Hmm, interesting. For whatever reason the contours don't plot on my setup - what version of matplotlib are you using?

saitcakmak commented 4 years ago

I am using Matplotlib 3.1.1 with TkAgg backend.

Balandat commented 4 years ago

Thanks, Tk did it. I can see this behavior also on my conda setup, the reason seems to be that the inferred noise level is humongous after the first re-fit. Let me figure out why this could be happening here.

Balandat commented 4 years ago

I think the Mac issue here is a red herring, this is really an issue with the assumptions on the priors on the outputscales. Specifically, the default priors assume that the inputs are normalized to [0,1]^d and the outputs are standardized to zero-mean, unit variance.

You can do that manually or use the new OutcomeTransform feature that I landed in #321/#327:

from botorch.models.transforms import Standardize
gp = SingleTaskGP(tx[0: n], ty[0: n], likelihood, outcome_transform=Standardize(m=1))

This works for me without other code changes.

saitcakmak commented 4 years ago

That makes sense. I remember thinking about doing the transformation manually, but I couldn't find a good way of doing it for an arbitrary function.

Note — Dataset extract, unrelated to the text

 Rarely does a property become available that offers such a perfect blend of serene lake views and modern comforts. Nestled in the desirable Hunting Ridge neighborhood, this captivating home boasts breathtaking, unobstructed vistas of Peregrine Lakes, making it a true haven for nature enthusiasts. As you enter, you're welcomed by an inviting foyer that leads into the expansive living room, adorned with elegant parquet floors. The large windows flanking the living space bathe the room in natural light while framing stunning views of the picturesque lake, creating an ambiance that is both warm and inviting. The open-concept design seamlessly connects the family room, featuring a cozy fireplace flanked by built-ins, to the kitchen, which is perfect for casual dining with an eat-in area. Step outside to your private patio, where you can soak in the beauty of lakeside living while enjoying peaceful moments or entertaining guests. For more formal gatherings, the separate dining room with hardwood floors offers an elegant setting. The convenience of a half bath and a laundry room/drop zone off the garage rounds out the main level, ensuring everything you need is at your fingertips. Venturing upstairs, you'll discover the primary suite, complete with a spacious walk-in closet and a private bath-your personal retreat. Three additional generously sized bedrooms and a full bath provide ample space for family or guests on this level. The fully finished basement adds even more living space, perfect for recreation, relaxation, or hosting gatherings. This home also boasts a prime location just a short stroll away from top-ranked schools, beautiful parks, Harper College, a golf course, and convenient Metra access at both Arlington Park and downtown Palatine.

I looked through the diff and the OutcomeTransform feature seems very useful, so, thank you for that!

I am still curious why I could not reproduce this issue on Linux. Do you have any ideas why that might be? I don't run into this issue on Mac if I simply refit the GP from scratch with updated training data either, in case this gives any clues (I'm guessing this is due to warm-starts).

Balandat commented 4 years ago

I don't run into this issue on Mac if I simply refit the GP from scratch with updated training data either, in case this gives any clues (I'm guessing this is due to warm-starts).

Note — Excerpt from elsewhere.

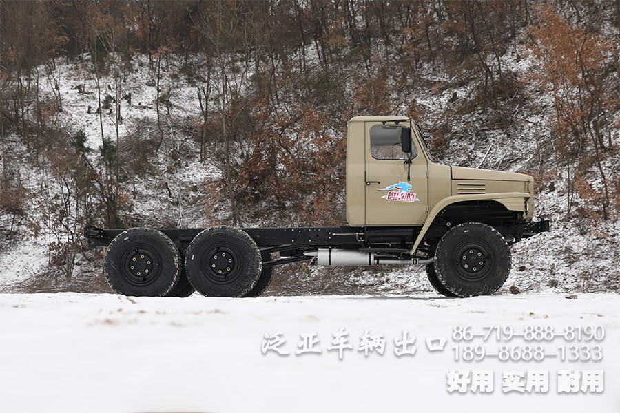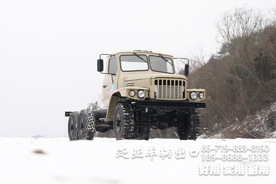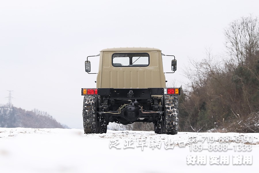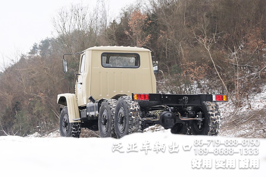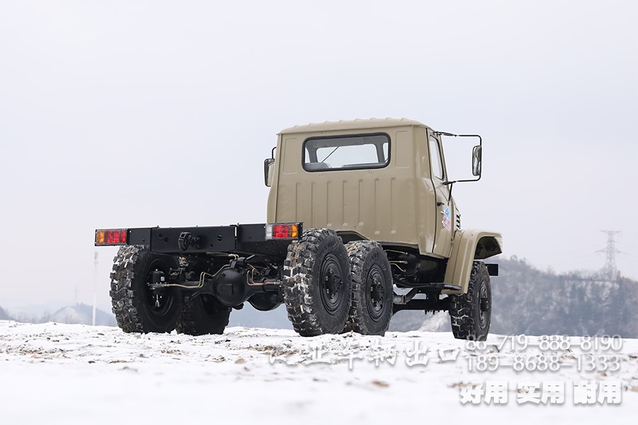 特殊配置 驾驶室后车窗带有防护网,6x6全轮驱动,专利设计,专为恶劣路况设计,可选装前置绞盘,牵引力为44100

Do you mean if you don't use condition_on_observations and manually construct a new model instead? I haven't actually tested this much with the resulting model, we typically use these as temporary objects.

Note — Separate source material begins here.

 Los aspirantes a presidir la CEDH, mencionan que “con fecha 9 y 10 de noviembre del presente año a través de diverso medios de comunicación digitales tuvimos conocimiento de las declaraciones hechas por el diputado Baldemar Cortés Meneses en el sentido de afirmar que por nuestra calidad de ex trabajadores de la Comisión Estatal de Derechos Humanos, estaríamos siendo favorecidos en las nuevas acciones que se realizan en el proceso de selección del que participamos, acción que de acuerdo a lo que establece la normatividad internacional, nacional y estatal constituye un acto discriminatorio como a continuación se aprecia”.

saitcakmak commented 4 years ago

Yes, exactly. Simply construct a new SingleTaskGP using the updated data, then use fit_gpytorch_model() to fit it.

So, in the above code, if I fit the GP using

gp = SingleTaskGP(tx[0: n], ty[0: n], likelihood)
mll = ExactMarginalLogLikelihood(gp.likelihood, gp)
fit_gpytorch_model(mll)

with n=6, then update it using

candidate_point = tx[n, :].reshape(1, -1)
observation = ty[n, :].reshape(1, -1)
gp = gp.condition_on_observations(candidate_point, observation)
mll = ExactMarginalLogLikelihood(gp.likelihood, gp)
fit_gpytorch_model(mll)

I get that weird fit. But if I simply do

gp = SingleTaskGP(tx[0: n], ty[0: n], likelihood)
mll = ExactMarginalLogLikelihood(gp.likelihood, gp)
fit_gpytorch_model(mll)

with n=7, I get a properly fit GP.

Balandat commented 4 years ago

Hmm, I see. The condition_on_observations functionality really exists to be able to incorporate new data while avoiding to refit the model (i.e. if one expects the hyperparameters not to change much). So this isn't a huge practical issue I think, but nevertheless I don't see why this shouldn't work. Maybe there is some inadvertent graph-cutting going on, I'll try to take a closer look some time next week.

Balandat commented 4 years ago

Opened a new issue for this behavior: #356.